Airbus Ops Chief Resigns, Replaced by Tom Williams

Airbus Group on Tuesday announced the resignation of the no.2 at its planemaking unit, Chief Operating Officer Gunter Butschek, after 2-1/2 years in the role.

Butschek will be succeeded by Tom Williams, executive vice president in charge of Airbus programs, who will in turn be replaced by A350 program chief Didier Evrard, who has completed development of the company's newest wide-body jet.

In a letter to staff, Fabrice Bregier, chief executive of the main planemaking subsidiary of Airbus, paid tribute to Butschek and said the former Mercedes executive had "decided to pursue new opportunities outside of the company."

Airbus shares closed up 1 percent at 40.965 euros. Analysts said the reshuffle was not related to the fallout from a chaotic investor forum that hit Airbus shares last week.

Butschek joined Airbus in 2011 and became chief operating officer of the planemaking business in June the following year.

He was credited with expanding the use of car industry techniques in Airbus, a trend expected to continue under Klaus Richter, a former BMW executive who remains in charge of procurement for the overall group but is promoted with Williams to the group executive committee.

Despite this, aerospace industry sources say Butschek had not established himself as part of the planemaker's inner circle. A person close to him said he had left of his own volition.

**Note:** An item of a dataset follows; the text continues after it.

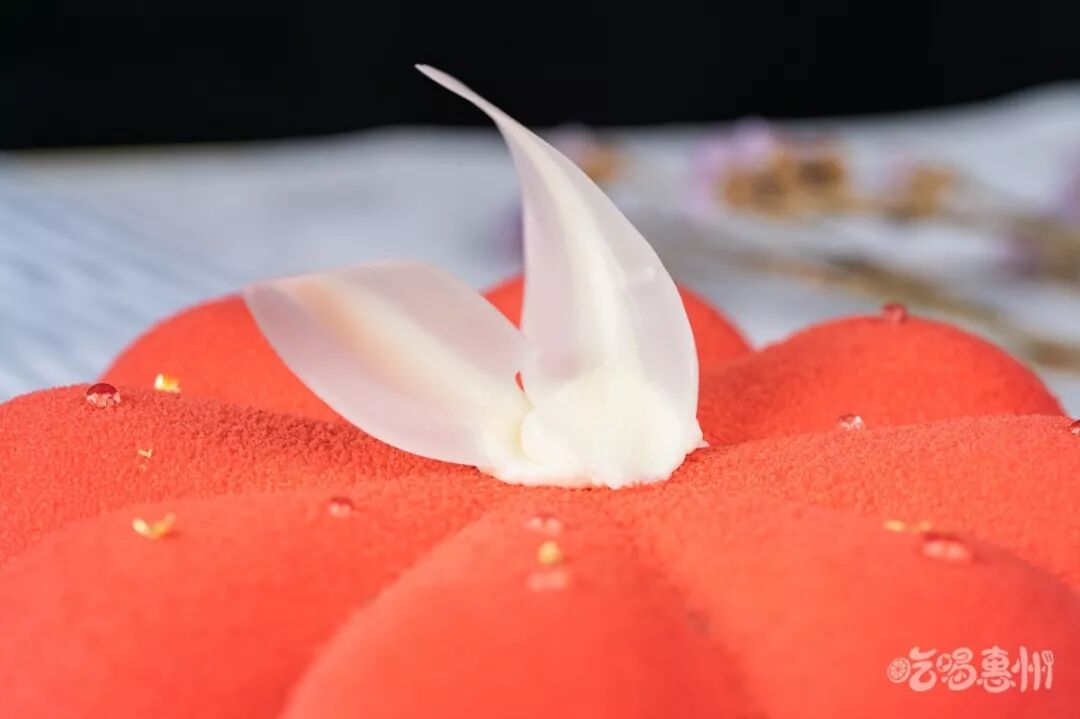 表面是樱花做成的镜面,里面的樱花为镜面做点缀,蛋糕本身的糖度控制得刚刚好,一点儿也吃不腻,下层的酸奶慕斯与蛋糕融合吃起来更有层次感。
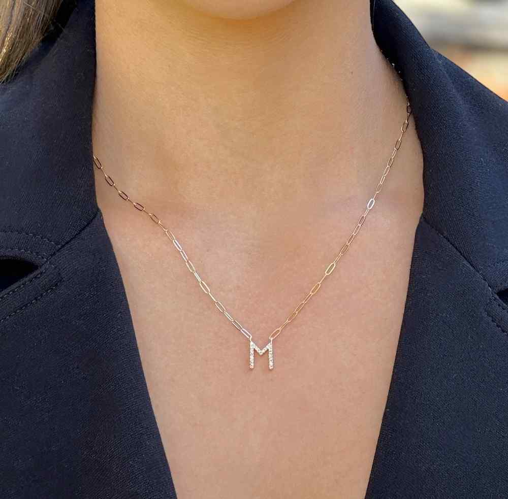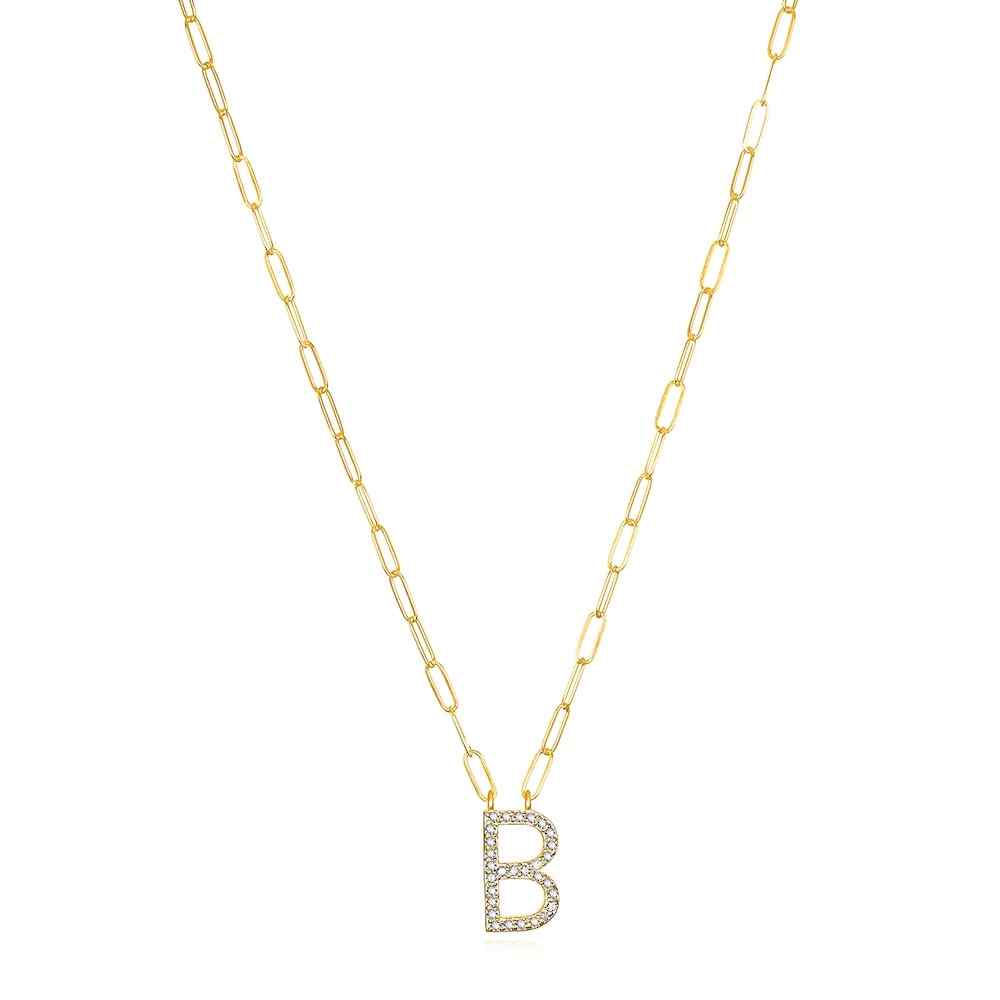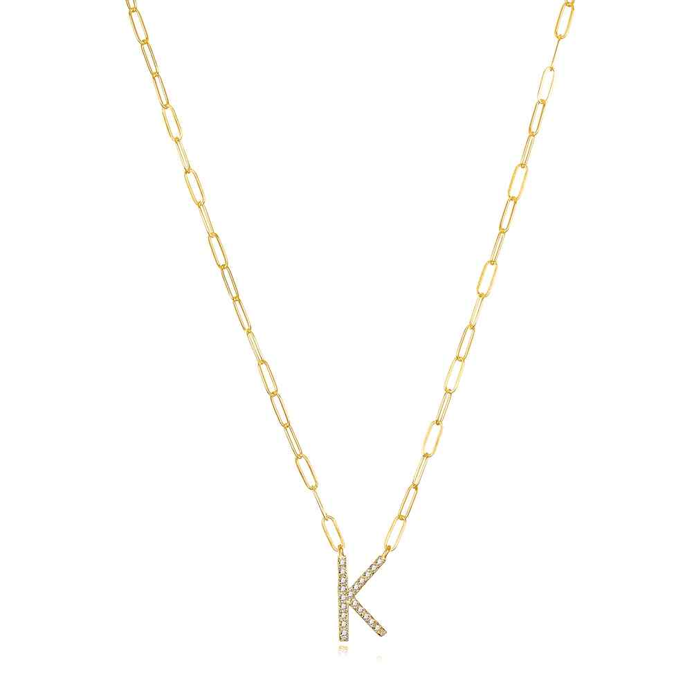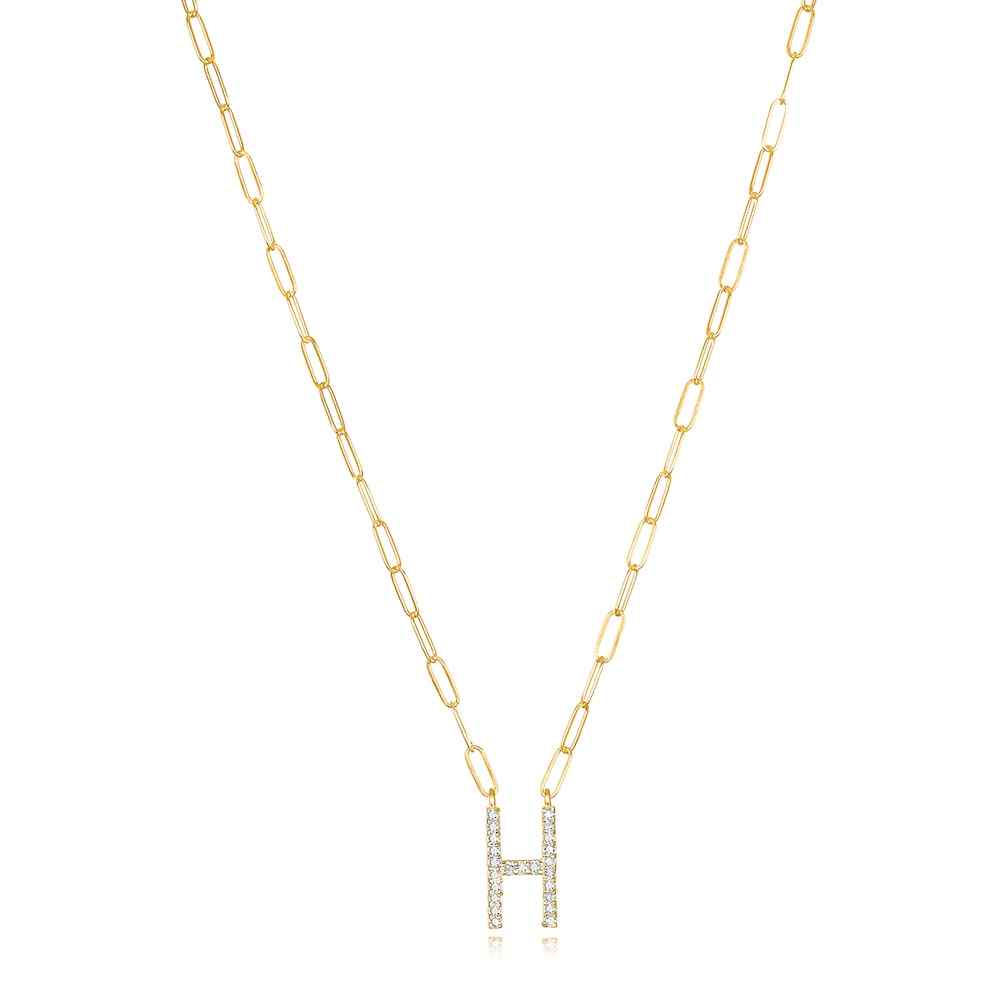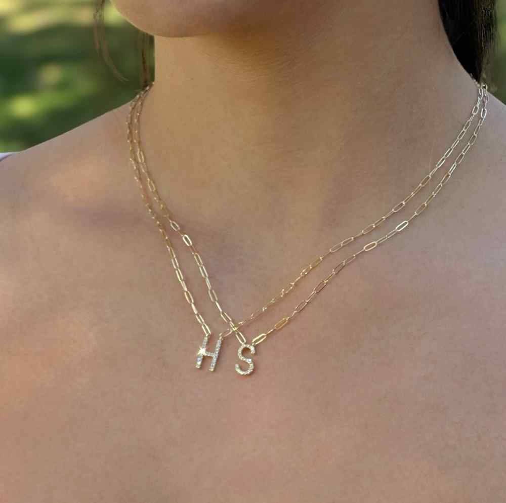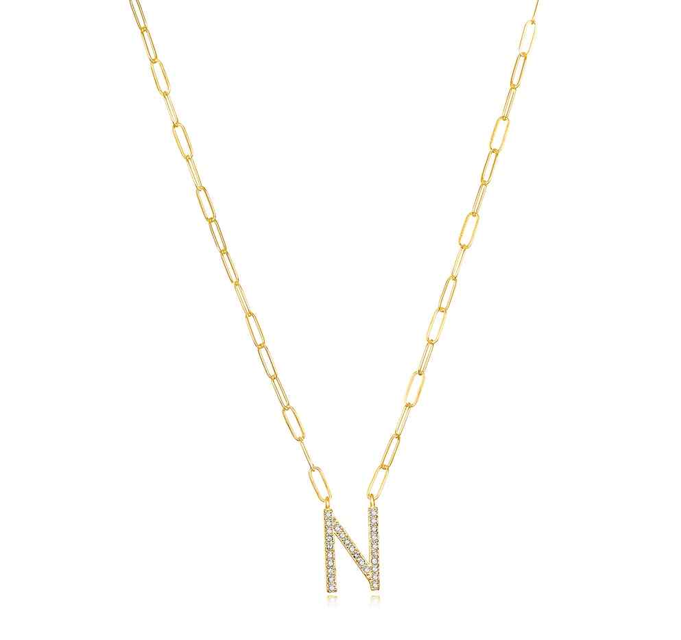 The quintessential gift for yourself or someone special, this diamond initial necklace is designed to impress! Luxuriously sized uppercase letters sparkle with pavé set genuine diamonds. Handcrafted in rich 14k gold-dipped sterling silver with an adjustable length for seamless layering with other necklaces and a custom fit.

Butschek was not immediately available for comment.

Williams, 62, is an aerospace veteran who began on the shop floor with Rolls-Royce and held senior roles on the Eurofighter with BAE Systems, before transferring in 2000 to Airbus, in which BAE then had a stake.

He has a reputation as a tough but effective troubleshooter and led the planemaker's response to the discovery of cracks in components of the wings of the A380 superjumbo jets in 2012.

"Whenever anything goes wrong, Tom is the go-to man," a former senior colleague said.

Williams, who began as an apprentice in his native Scotland, once told Reuters: "There is the official factory floor and the real factory floor; you have to know both."

The changes mean the A350, due to be delivered to Qatar Airways next week, will be reintegrated into the rest of Airbus as it shifts towards a production phase.

Given the risks of building its first mainly carbon-composite airliner, and anxious not to repeat mistakes by rival Boeing in producing the 787 Dreamliner, Airbus had placed the project under a separate team led by Evrard, a Frenchman who successfully ran Europe's Storm Shadow cruise missile project.